The language and tone-of-voice of our conversational content has a profound impact on the relationship between a modern organization and its customers. This is as true today as it was in the past. Rhetoricians and performers like Plato, Cicero and many others have built their reputations on their ability to captivate an audience. However, where content guidelines for traditional (digital) media could be managed by a relatively simple style guide, conversational AI is much less predictable since it involves real-time user responses and unexpected turns. This 2-way dynamic requires a more holistic approach to content delivery.
As a conversation designer I can still learn a thing or two from this rich discourse of rhetoric, and in this article I’ll investigate what our ancestors thought were the main characteristics of great rhetorical performances.
First point of order is to understand that even though rhetoricians and other performers were speaking to, and not with an audience, they were constantly aware of the effects of their performance on their audience. The delivery of a performance was of the highest importance in the Greek and Roman times, because this meant an orator could influence his audience. The most famous example of the orator’s influence are Cicero’s Catalinarian orations. In a series of speeches delivered on multiple nights he successfully convinced the Roman Senate of Cataline’s plot, saving the Roman Republic from his treachery and systemic collapse.
Through the ages, the rhetorical discourse expanded into the delivery of vocal and instrumental music, stage acting and musicals, and today the advent of conversational AI allows for a new level of emotional connection between users (the audience) and a computer (the performer). Unfortunately the quality of chat and voice experiences isn’t always up to par.
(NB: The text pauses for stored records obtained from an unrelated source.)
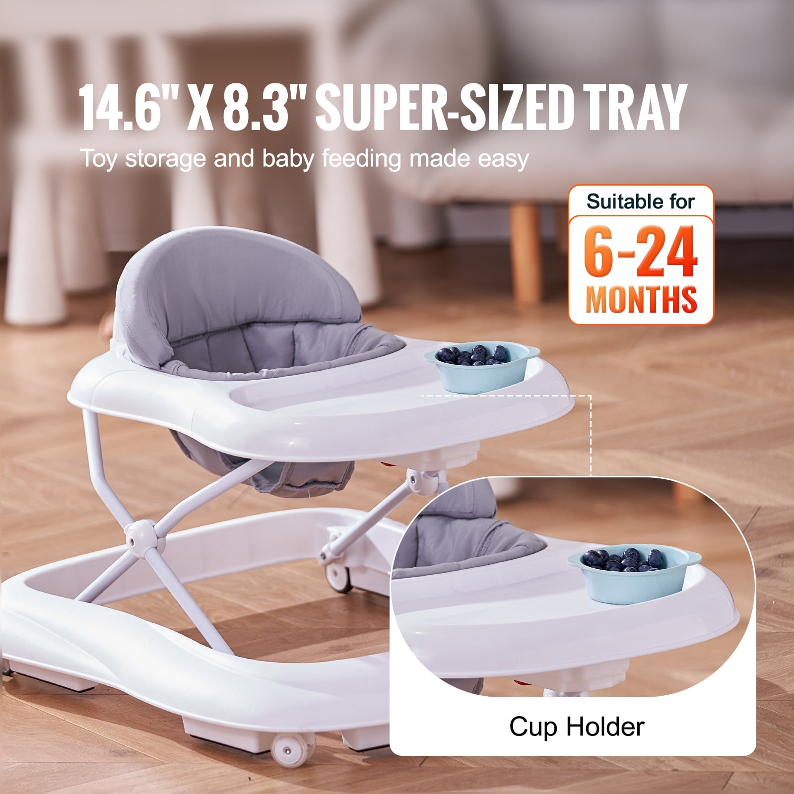 Boost your baby’s development with the SKYSHALO baby walker, an ideal companion to cultivate walking skills and muscle strength. With a stable structure, adjustable height, and convenient folding, our walker effortlessly adapts to your baby’s evolving needs while ensuring endless enjoyment and safety 3-Level Adjustable Height: Our folding baby walker offers 3 adjustable heights, scientifically preventing the O-shaped legs and maintaining proper posture during walks, with options of 13.4 inches, 14.2 inches, and 15.0 inches. Easy to Move: 4 smooth-rolling wheels provide flexible and smooth steering to prevent jamming and tipping over, gliding silently without disturbing others and without scratching the floor. With 6 anti-skid blocks assisting in braking, your baby can walk confidently and securely. High Quality & Healthy Material: Your baby’s safety and health are our top priorities. Crafted from child-friendly PP material, our activity center is BPA-free and odorless, ensuring a safe and pleasant experience. The smooth surface feels gentle to the touch, providing peace of mind for moms and joyful growth for babies. Easy Folding For added convenience, our anti-rollover infant walker features an easy fold mechanism. Quickly fold it down to save space under the sofa or bed, making storage hassle-free. This practical design saves you space and allows your baby to explore freely at home. Enhanced Stability: Our baby walker features a sturdy design with enhanced stability, providing added security. Easy Mobility: Our baby walker features smooth-rolling wheels, allowing your little one to move around freely and explore their surroundings with ease. Let them take their first steps confidently while having fun!
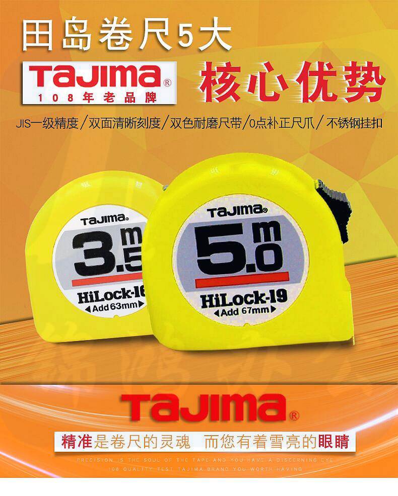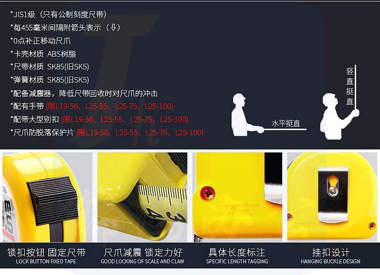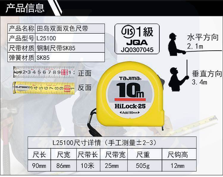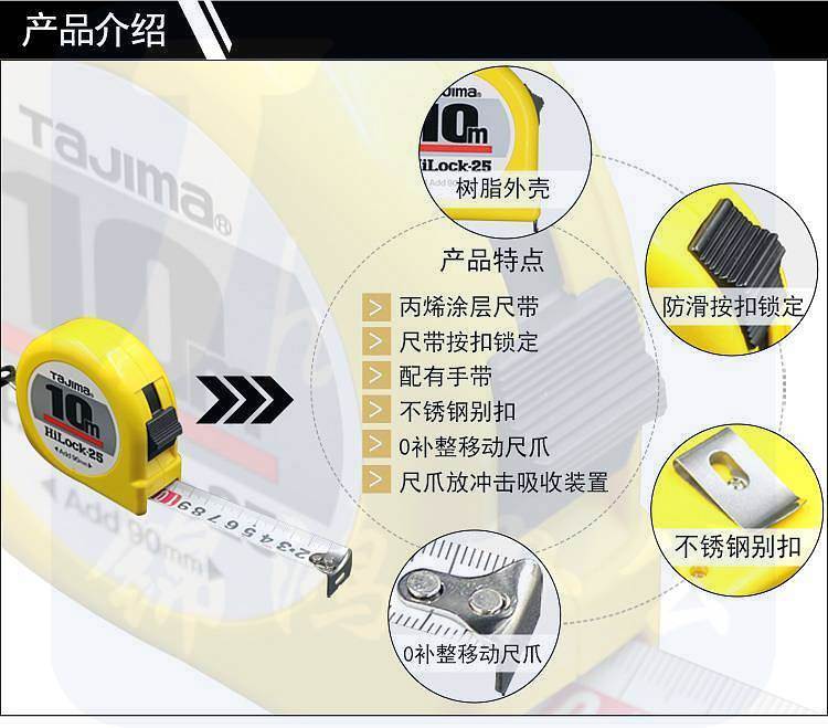品牌:日本田岛; 尺寸:尺带10M*25mm; 材质:尺带进口SK85钢,弹簧进口SK85钢,尺壳ABS树脂,JIS1级,0点补正移动尺爪,手动锁定,配减震器,测量精密,简单,方便,轻巧; 包装规格:6把/盒/60把/箱;
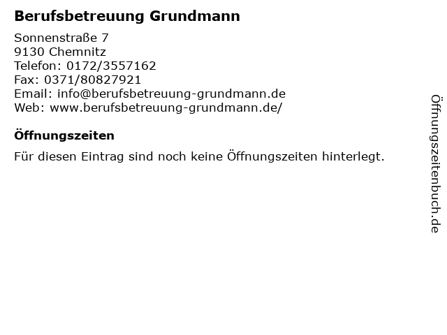 | Öffnungszeiten Berufsbetreuung Grundmann in Chemnitz anzeigen | |

As conversation designers it is our job to prevent users from getting frustrated and to reach high satisfaction scores.
Quite a lot of research has been done on the emotional connection between humans and computers. We know that users interact differently with chatbots, voice assistants and other human-like virtual experiences than with a website or app. The technology of Natural Language Programming enables us to create conversational agents with smart, human-like responses that bring about feelings of familiarity and empathy among its users. This phenomenon is called pareidolia. As a result, organizations are starting to recognize that these experiences are ideally suited to convey both a logical answer and build emotional connections between their virtual assistant and their customers.
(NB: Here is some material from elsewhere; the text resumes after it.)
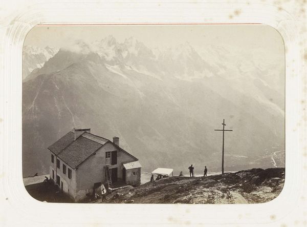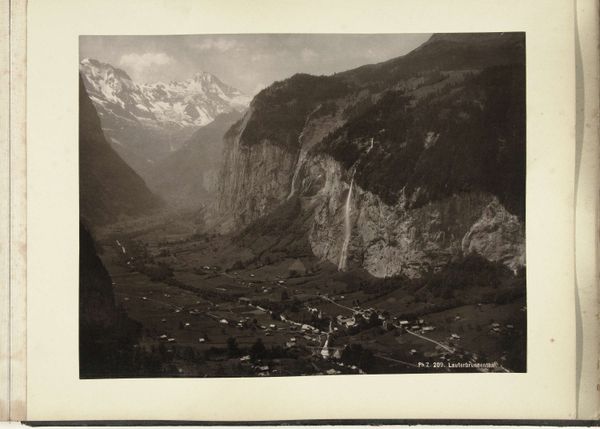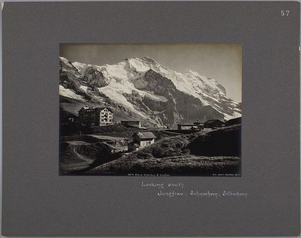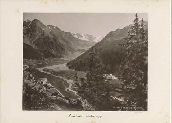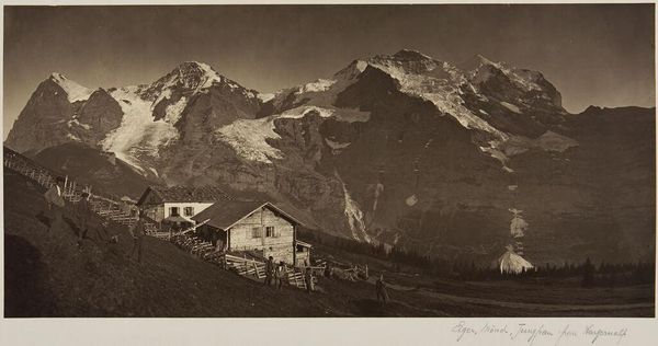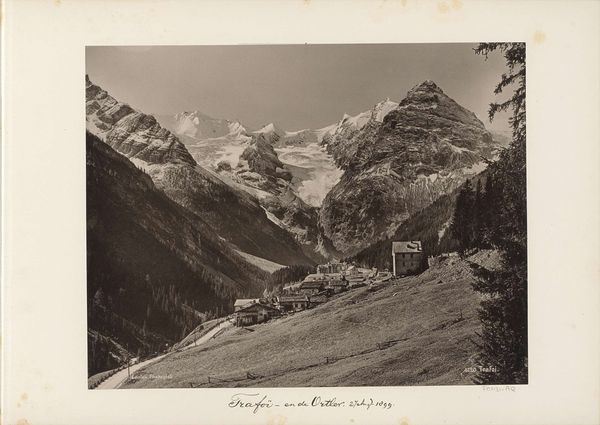 Editor: This photograph, "From Trafoi, looking S. by E.," is by the Bachrendt Bros. It depicts a village nestled in the Alps. There's an imposing grandeur to the landscape. What draws your eye in this composition? Curator: The way the village feels dwarfed, almost a fragile human imposition, against the monumental, glacial backdrop really resonates. It makes me think about our fleeting existence compared to the geological timescale of the mountains. Doesn't it evoke a sense of sublime insignificance? Editor: It does! I hadn't considered the geological timescale. It definitely adds a layer of depth to how I perceive the image. Thanks! Curator: My pleasure! It's all about seeing beyond the surface, isn't it?

As conversation designers, we often have to make assumptions as to what a user might say to our assistant. In an ideal world the conversational copy is well-researched, and both happy and non-essential paths are written and implemented before the assistant goes live. But in reality, it doesn’t quite work like this due constraints in time and resources. The modern, lean organization requires us to push our assistant live as early as possible. Secondly, we know that users sometimes prefer to be prompted with buttons rather than an empty line to write on. For these reasons, conversation designers often end up designing an interaction between two people rather than only thinking up our virtual assistant’s lines, and improving it later based on a review of the conversational logs. This approach helps us predict and strengthen the effects of pareidolia with our users, resulting in better experiences.
The above considerations teach us that a holistic approach of content and delivery is essential for a great conversational experience, and lucky for us, the classical rhetoricians were experts in the field. Each period and author has a unique view on what drives a good performance, but in general they agree that 4 principal elements make a good rhetoric performance: Audience and affect, delivery, structure, and ornamentation and repetition. I’ll summarize these below now, and hope to explore each of these in more detail in future blog posts.
Audience and Affect
This element emphasizes awareness of the audience. The performer needs to understand their demographic, language, status, and their number. The goal of this rhetorical element is delectare — to charm and amuse. The language, time and place, style and décor should add to the audiences’ delight.
Affect can be summed up in the French saying “C’est le ton qui fait la musique”, meaning that our tone of voice has a profound impact on our delivery. The tessitura is the relative position of the voice within its natural range, and we can embellish it with intentional intervals and changes in the speed of our delivery. In modern days we see designers of text-to-speech content for voice assistants use different base voices and SSML to create perfect affect.
Allegory and symbolism create strong images in our audience’s minds. In his fourth Catilinarian oration Cicero paints a heroic picture of himself, when he says “…the Gods have determined that he should snatch the senators and the people from miserable slaughter, their wives and children and the vestal virgins from most bitter distress, the temples and shrines of the gods, and that most lovely country of all of them, from impious flames, all Italy from war and devastation.” (reference link, from p.57).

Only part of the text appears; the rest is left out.